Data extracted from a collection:

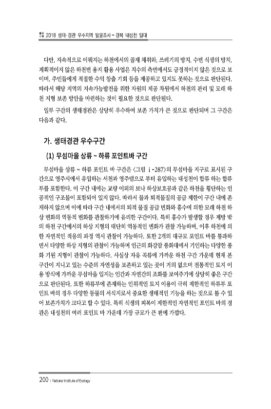 2018 생태·경관 우수지역 발굴조사 경북 내성천 일대 200 ? National Institute of Ecology 다만, 지속적으로 이뤄지는 하천에서의 골재 채취와, 쓰레기의 방치, 수변 식생의 방치, 계획적이지 않은 하천변 용지 활용 사업은 치수의 측면에서도 긍정적이지 않은 것으로 보 이며, 주민들에게 적절한 수익 창출 기회 등을 제공하고 있지도 못하는 것으로 판단된다. 따라서 해당 지역의 지속가능발전을 위한 자원의 제공 차원에서 하천의 관리 및 모래 하 천 지형 보존 방안을 마련하는 것이 필요한 것으로 판단된다. 일부 구간의 생태경관은 상당히 우수하여 보존 가치가 큰 것으로 판단되며 그 구간은 다음과 같다. 1 무섬마을 상류 하류 포인트 바 구간은 그림 ⅰ-287 의 무섬마을 지구로 표시된 구 간으...
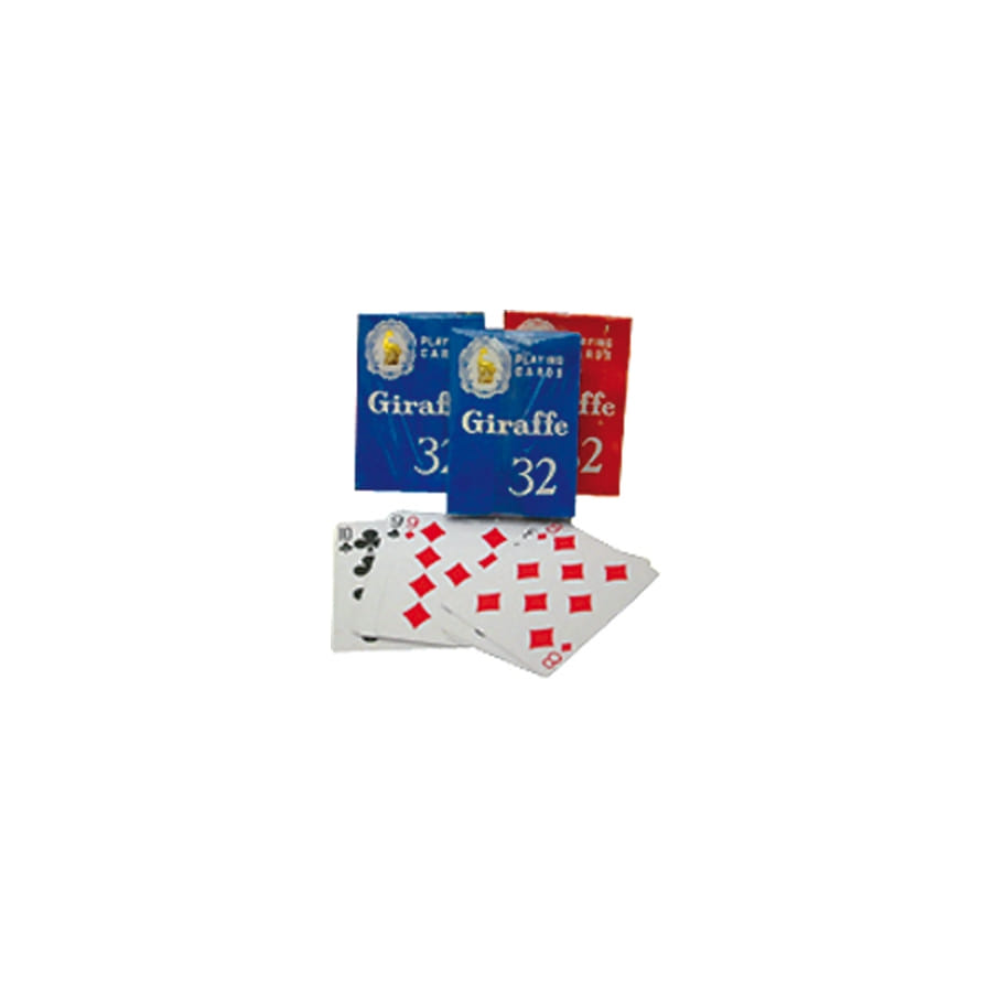 Jeu de 32 cartes mesurant chacune 6 centimètres de largeur sur 9 centimètres de longueur. Au moment de passer la commande, vous ne pourrez choisir ni le modèle ni la couleur du jeu que vous souhaitez. Vous recevrez le modèle rouge ou le bleu. Un jeu de cartes est toujours indispensable, même en ces temps modernes!
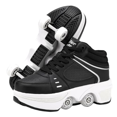 Roller Skate Shoes for Girls, Kids, Women, Men,Double-Row Skating Shoes,Retractable Wheels Sneakers,Adjustable Parkour Roller Skates,Deformation Sneakers Outdoor (HG, 5 Women/4 Men/3 Big Kid)
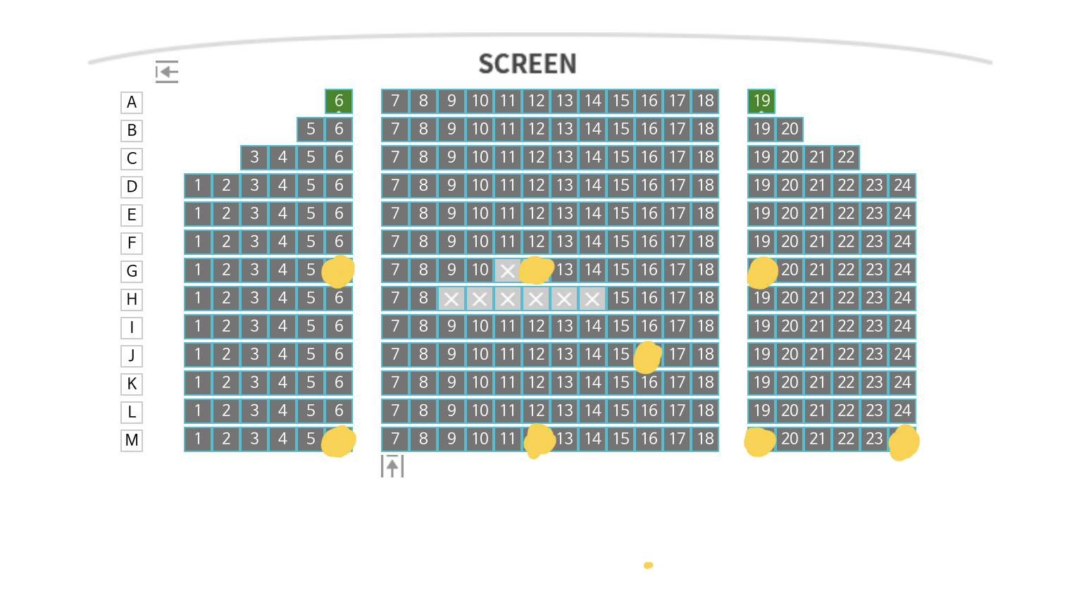 스크린이 꽤 크다보니 앞쪽 좌석은 위로 올려다 봐야 하는 수준입니다. 맨 앞줄은 용아맥의 A열과 비슷한 수준입니다. 시선 일치는 적어도 G열부터라고 생각하시면 됩니다. 중앙 좌석은 12,13번 사이가 가운데입니다.
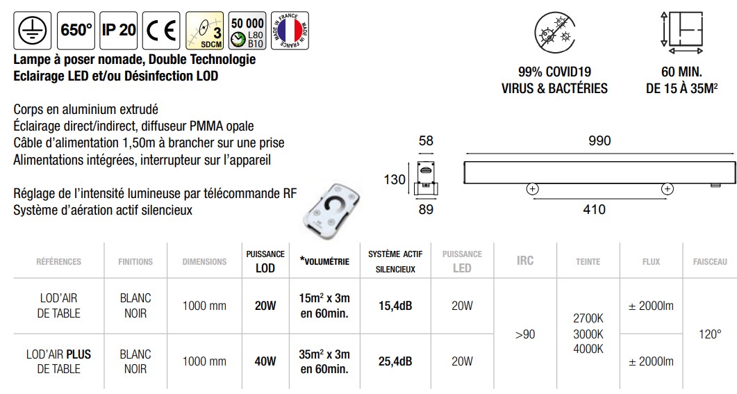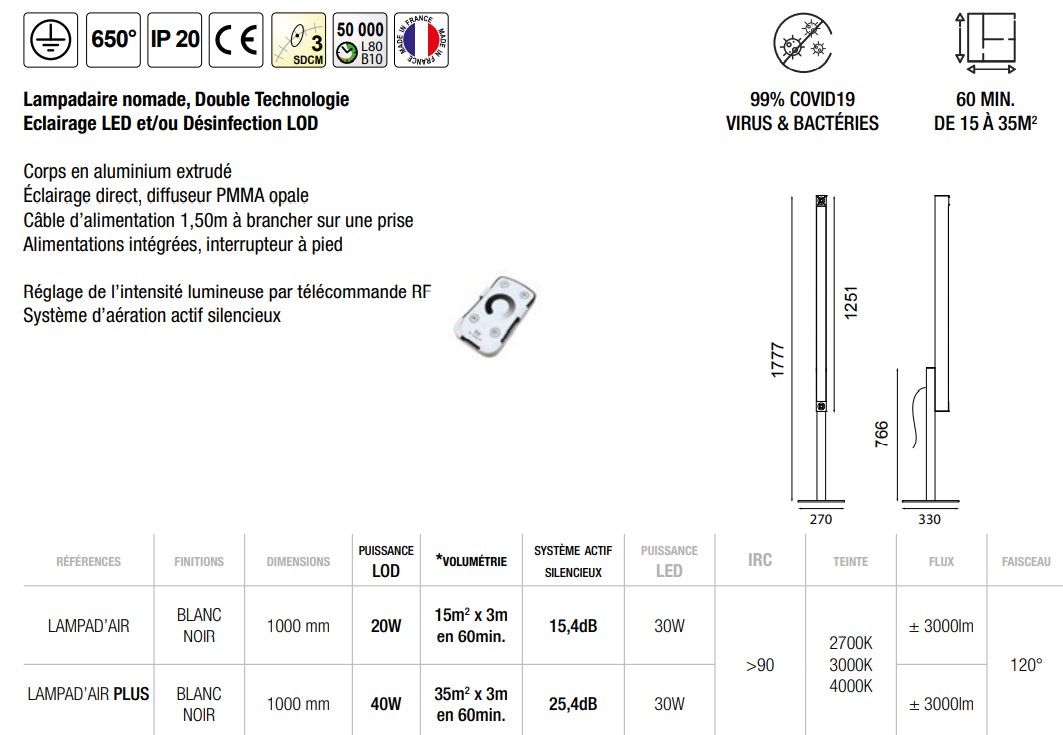 Indépendamment ou conjointement, vous pouvez l’utiliser en éclairage de votre espace purifié avec variation de l’intensité d’éclairage.
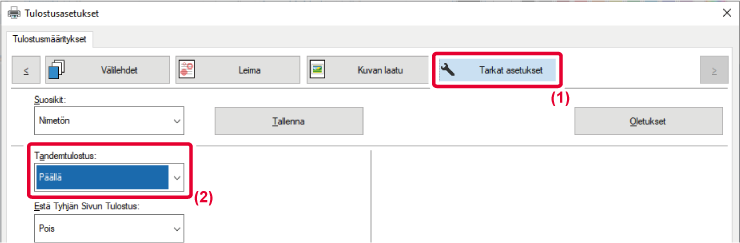 2. Valitse [Päällä] kohdassa "Tandemtulostus"
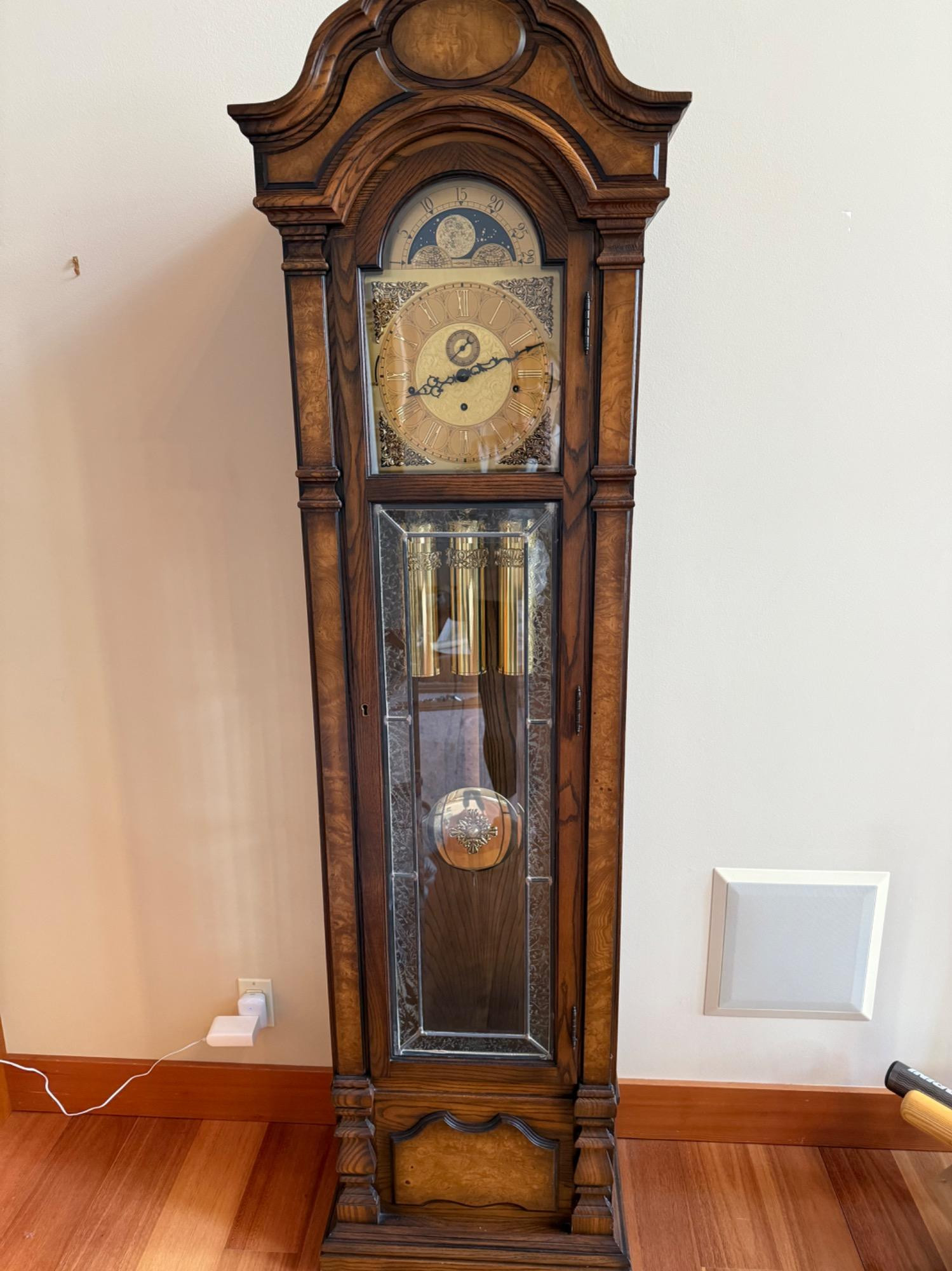 Molyneux Grandfather Clock – Ornate Wood & Glass Case (80.5T x 27.5L x 13W) This Molyneux Grandfather Clock is a beautifully crafted classic timepiece, featuring an ornate wood and glass case with intricate detailing. Standing at 80.5 inches tall, 27.5 inches long, and 13 inches wide, this stately clock is a timeless addition to any home, office, or collection. The clock features a rich wood finish, decorative glass panels, and finely carved accents that showcase its traditional craftsmanship. The brass clock face, pendulum, and chimes add to its elegant aesthetic, making it a striking statement piece. Whether you're a collector of fine clocks or looking to add vintage charm to your space, this Molyneux Grandfather Clock is a must-have heirloom-quality piece. Bidding on this lot is an agreement that: (1.) You will have 2 capable, able-bodied persons to lift and load at a minimum. (2.) You will bring a hand truck and/or any other tools needed to remove this item. If these steps are not followed your item will be forfeited and no refund given.
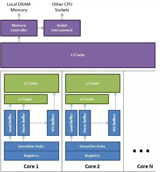 由于访问主存的延时和指令执行的延时不在一个数量级,所以CPU一般会使用访问速度更快的缓存,现代处理器的缓存一般是分为三级,下图是一般CPU的缓存结构。每一个CPU核共享L1、L2 Cache,所有的CPU核共享L3 Cache。

#### Activity
Nothing but the lines from the first line of the data above through the line holding "Jeu de 32 cartes" may appear in the response, copied exactly and without pictures.

#### Response box
 2018 생태·경관 우수지역 발굴조사 경북 내성천 일대 200 ? National Institute of Ecology 다만, 지속적으로 이뤄지는 하천에서의 골재 채취와, 쓰레기의 방치, 수변 식생의 방치, 계획적이지 않은 하천변 용지 활용 사업은 치수의 측면에서도 긍정적이지 않은 것으로 보 이며, 주민들에게 적절한 수익 창출 기회 등을 제공하고 있지도 못하는 것으로 판단된다. 따라서 해당 지역의 지속가능발전을 위한 자원의 제공 차원에서 하천의 관리 및 모래 하 천 지형 보존 방안을 마련하는 것이 필요한 것으로 판단된다. 일부 구간의 생태경관은 상당히 우수하여 보존 가치가 큰 것으로 판단되며 그 구간은 다음과 같다. 1 무섬마을 상류 하류 포인트 바 구간은 그림 ⅰ-287 의 무섬마을 지구로 표시된 구 간으...
 Jeu de 32 cartes mesurant chacune 6 centimètres de largeur sur 9 centimètres de longueur. Au moment de passer la commande, vous ne pourrez choisir ni le modèle ni la couleur du jeu que vous souhaitez. Vous recevrez le modèle rouge ou le bleu. Un jeu de cartes est toujours indispensable, même en ces temps modernes!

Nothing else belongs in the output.